The mother contends that the facts in the present case exempt it from the rule in Fahrenbruch, supra, in that there was no evidentiary hearing held on the question of jurisdiction, and that the mother's complaint in the Colorado action shows a compelling need to protect the interests of the child from the orders of the Alabama Court.
Since counsel for the mother has not furnished us with a transcript of the hearing of March, 1967 on the motion to dismiss, we must assume that the proceedings were proper and the court had before it sufficient evidence to indicate that it was without jurisdiction in this matter. Howard v. Lester, 153 Colo. 199, 385 P.2d 121.

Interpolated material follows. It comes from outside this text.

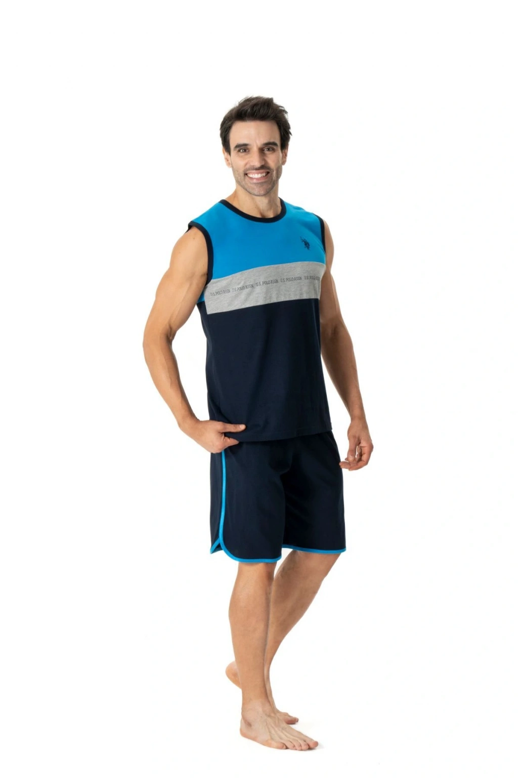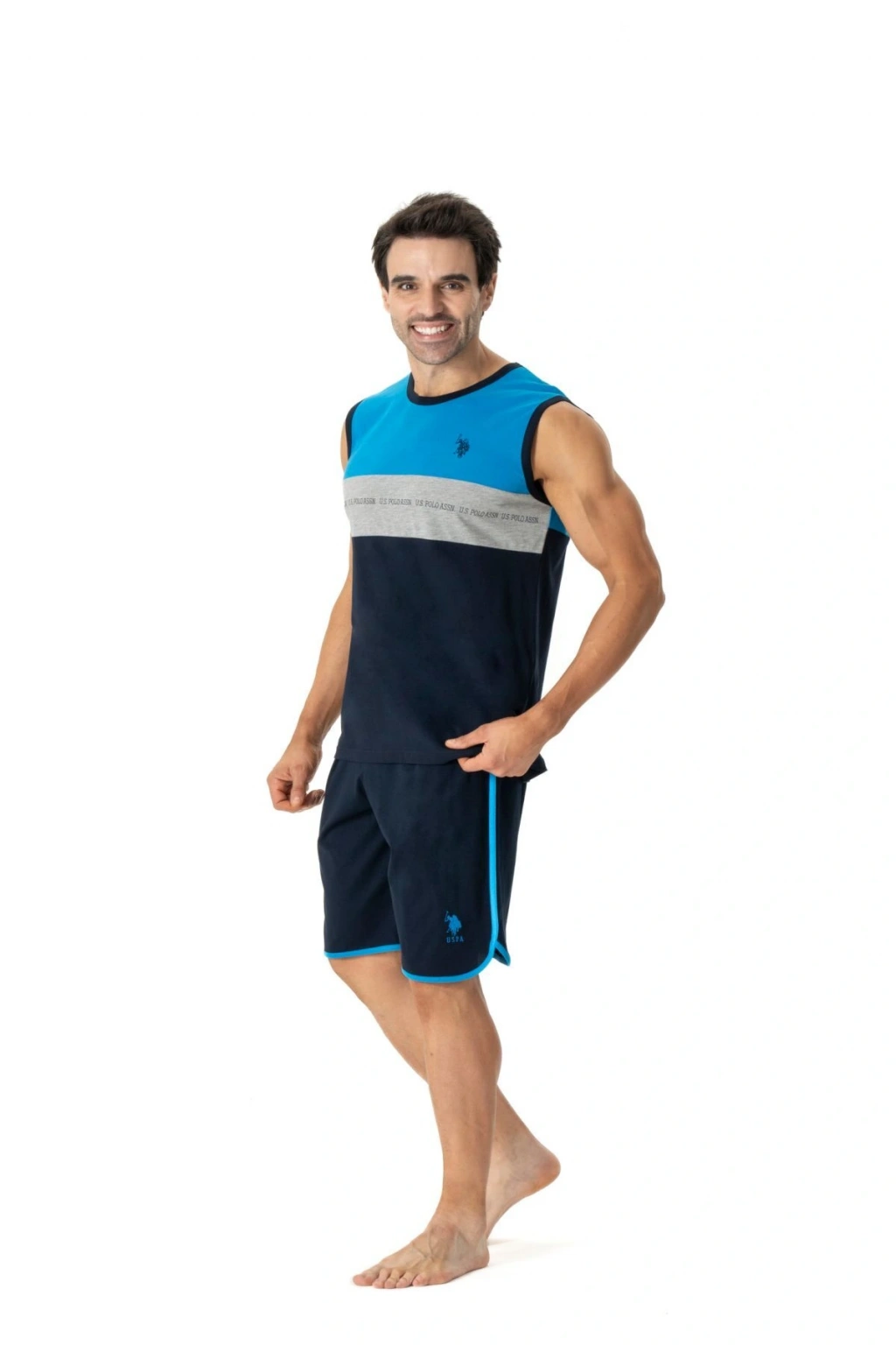 U; s Polo Assn; 18776 Erkek Kalın Askılı Şortlu Pijama Takımı; Mavi Birinci sınıf pamuklu kumaştan üretilen pijama takımımız ile günün yorgunluğunu en iyi şekilde üzerinden atabilmek, bir sonraki güne stressiz, dinlenmiş ve enerjik uyanmak mümkün; Yumuşacık dokusuyla üzerinizdeyken neredeyse hissetmeyeceğiniz kaliteli kumaştan yapıldığından deliksiz bir uykunun tadını çıkarabilirsiniz; Erkek Mankenimiz M (48; 50) beden Olup, Ölçüleri: Boy – 1; 88 Göğüs – 100 Bel – 80 Kalça – 99 Ürün İçeriği: %100 Pamuk;

We have reviewed the complaint filed by the mother and find that in substance it only alleges a change of circumstances, and that it would be in the best interests of the child for custody to be returned to his mother. We rule that the allegations of the complaint, even though they are taken as true, fall far short of requiring the Colorado Courts to take jurisdiction as a matter of necessity for the protection of the child.
Judgment is affirmed.
SILVERSTEIN, C.J., and ENOCH, J., concur.